Domingo 14 de enero de 2001
ANALISIS
El
siglo XXI no llegó para los indígenas
Por
SIBILA CAMPS. De la Redacción de Clarín.
Agonía de un idioma rico |
Los 850.000 indígenas de la Argentina que se asumen como tales, llegaron al siglo XXI preguntándose por qué es tan despiadado el costo de seguir siendo indígenas. A la mayoría de ellos, ni siquiera se les dejó la falsa opción de abandonar sus comunidades y diluirse en una villa de emergencia.
A excepción del idioma, las artesanías y la organización comunitaria, el rasgo que más resalta al recorrer las comunidades es la apabullante suma de carencias. Con ellos no sólo se cumplen escasamente las leyes específicas, las Constituciones Nacional y provinciales, las convenciones internacionales. Se les niegan los derechos más elementales: a quedarse en el lugar que ocupan desde siempre, a no ser invadidos ni contaminados, a tener vivienda digna, a alimentarse y tomar agua potable, a estar sanos, a estudiar, a trabajar.
Sus pedidos a los organismos públicos de asuntos indígenas para mejorar su calidad de vida son ínfimos: batería para la radio, semillas para sus huertas, una rastra para el tractor (los pocos que lo tienen), un pozo de agua, paneles solares y heladera para conservar suero antiofídico.
Conseguirlos se vuelve para ellos una inhumana carrera de obstáculos. El Estado —que de por sí destina presupuestos irrisorios a las minorías sin poder— les demanda un calvario burocrático, propio de funcionarios que nunca salieron de su ciudad. "Los caciques y los presidentes de las asociaciones comunitarias no saben presentar los proyectos", se quejan.
Se les exige un conocimiento específico a personas que no siempre saben leer, escrito a máquina en lugares donde a menudo ni siquiera hay muebles. Por ejemplo, presentar fotocopia del DNI les significa caminar o pedalear decenas de kilómetros, esperar un colectivo de horario incierto, tener el dinero para el pasaje y para el documento; y, si en ese pueblo no hay fotocopiadora, triplicar costos y distancias.
No reclaman sueldos. Sólo piden los recursos mínimos para poder ganarse la vida y progresar. Y hacerlo sin verse forzados a traicionar su filosofía y su escala de valores. Tienen un objetivo: están convencidos de que, junto con el reconocimiento de la propiedad de sus tierras, la educación es el único camino para vivir mejor. Y ponen en la capacitación y en los estudios una fuerza de voluntad admirable.
Pero para los indígenas, el acceso a la educación está taponado por situaciones y mecanismos perversos. Muchos chicos deben caminar kilómetros con temperaturas bajo cero, o descalzos bajo un sol implacable. Y en los hechos, el auxiliar docente bilingüe prácticamente no existe.

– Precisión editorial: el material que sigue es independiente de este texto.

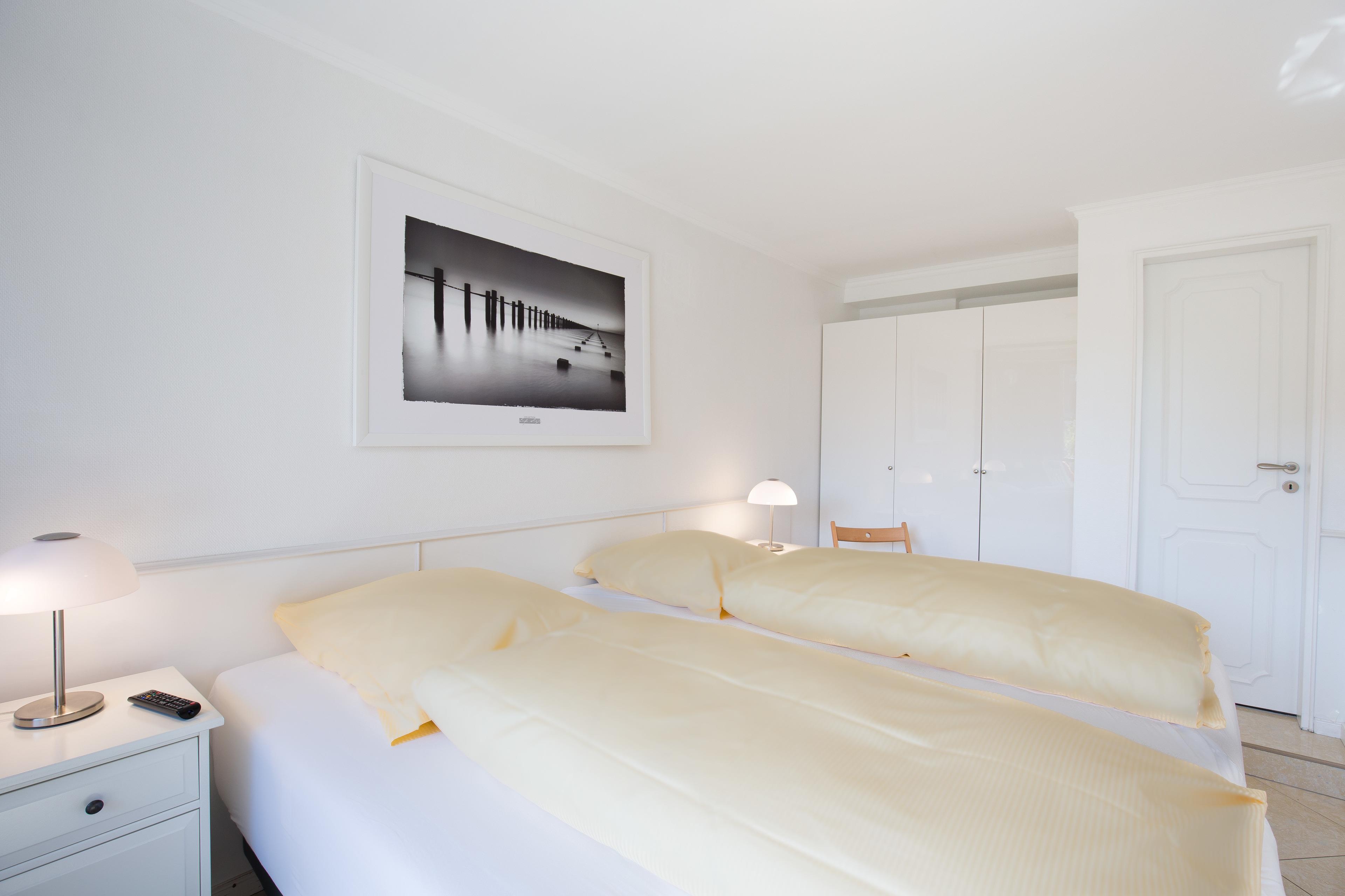 60m² große, strandnahe und lichtdurchflutete 3-Zimmer-Ferienwohnung mit Südbalkon, 2 Schlafzimmern und Duschbad mit Whirlpool.
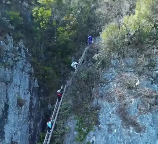 筍人天梯坐落于重慶市南川區(qū)頭渡鎮(zhèn)金佛山南坡,是當地極具特色的戶外徒步地點。其全程長度約為10-13公里,累計爬升高度在700-1000米之間,由3段木梯和2段鐵梯共同組成這一險峻的通道。金佛山作為大婁山脈北部的盡端,主峰風吹嶺海拔達2238.2米,與珠穆朗瑪、瑪雅文明、古埃及金字塔等同處于神秘的北緯30度附近,擁有喀斯特世界自然遺產、生物多樣性、佛教文化三大奇觀,還成功獲評國家5A級旅游景區(qū)等多項殊榮,而筍人天梯正是這片神奇區(qū)域中一處獨特的存在。筍人天梯的徒步路線具有一定的挑戰(zhàn)性,木梯部分保持著原始風貌,用木板、木棒、木棍穿斗或捆綁而成,部分看起來搖搖欲墜,但踩上去卻異常結實,每次僅能容納一人爬行;鐵梯則為下行路段增加了一定的安全性,但也讓恐高者面臨不小的考驗。整個徒步過程中,爬山時需專注前行,不敢回望背后深淵,下山時則要直面懸崖,常使人膝蓋酸軟、小腿顫抖。在徒步過程中,沿途可欣賞到千米絕壁和懸崖的險峻風光,崖下是蔥郁的樹林,生機盎然。行至頭渡鎮(zhèn),還能看到開闊的金山湖,湖水碧綠清澈,青山倒映其中,碧波如洗,觀之令人神清氣爽。此外,接近山頂時,還能看到翠竹森森的金佛山腹地景色,以及在竹海叢中偶爾驚艷眼球的喇叭杜鵑,讓徒步者在挑戰(zhàn)自我的同時,盡享大自然的饋贈。
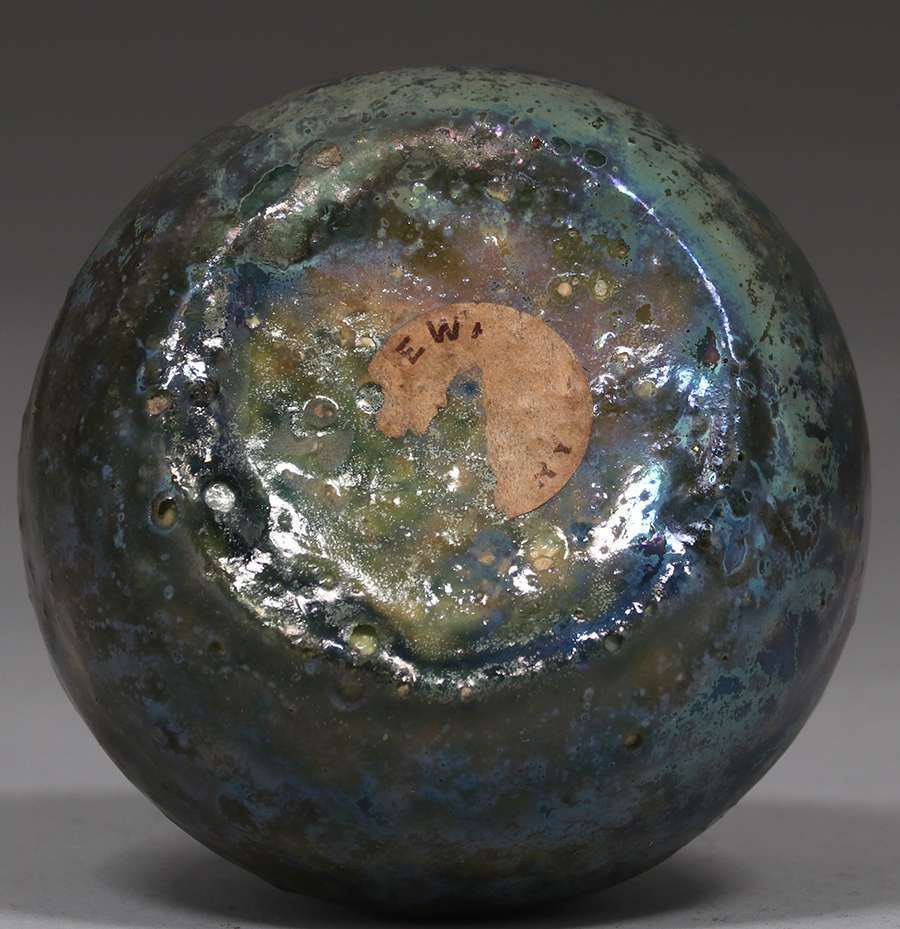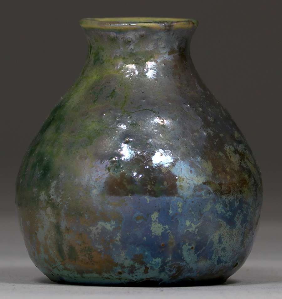 Pewabic Pottery Gourd-Form Vase with a warty, bright-green and gray iridescent metallic glaze. Signed with remnant of early paper label. Perfect condition. 3.5"h x 3.25"d SOLD

Si logran concluir 7°, casi siempre será a costa de olvidar su idioma. Y con él, las posibilidades de comunicarse con sus abuelos y conocer su historia, sus mitos y leyendas (su religión, casi todos la perdieron hace tiempo). Para ellos tampoco tendrá sentido aprender a hacer los canastos, los tejidos, la vajilla de madera, las vasijas de cerámica en los que se condensa parte de su cultura: para uso propio, dan demasiado trabajo; como artesanías, no hallan a quién vendérselos o se los pagan mal.
Para los pocos que completan la primaria, la secundaria les resulta casi inaccesible. Si no hay escuela albergue, no tendrán cómo pagar alojamiento, comida, útiles y hasta uniforme, como se exige en Formosa. ¿Cuáles son los máximos sueños de los adolescentes que se permiten soñar? Ser maestros, para enseñar a sus hermanos en su propio idioma. Médicos, para atender sus graves problemas de salud. Abogados, para luchar por el cumplimiento de sus derechos. Pero el terciario y la universidad ya son utopías.
Poco hacen por ellos los organismos públicos específicos. Con una dotación de 30 personas, sin delegaciones, sin autonomía y un presupuesto de sólo 4 millones de pesos, en el 2000 el Instituto Nacional de Asuntos Indígenas apenas llegó a ejecutar el 60 por ciento. No hacen mejor papel sus pares provinciales, con fondos escasos y teñidos por la politiquería.
Evitar que los indígenas terminen de desaparecer de la Argentina, ya sea por enfermedades, por disolución de su identidad o por asimilación con la pobreza de las periferias urbanas, no es sólo un deber de funcionarios y legisladores, que juraron por una Constitución que no cumplen o hacen cumplir, sino también de todos los argentinos. Si no, además de permitir una injusticia sin retorno, nos habremos privado de la oportunidad de compartir y disfrutar de su cultura, y de aprender de su armónica relación con la naturaleza.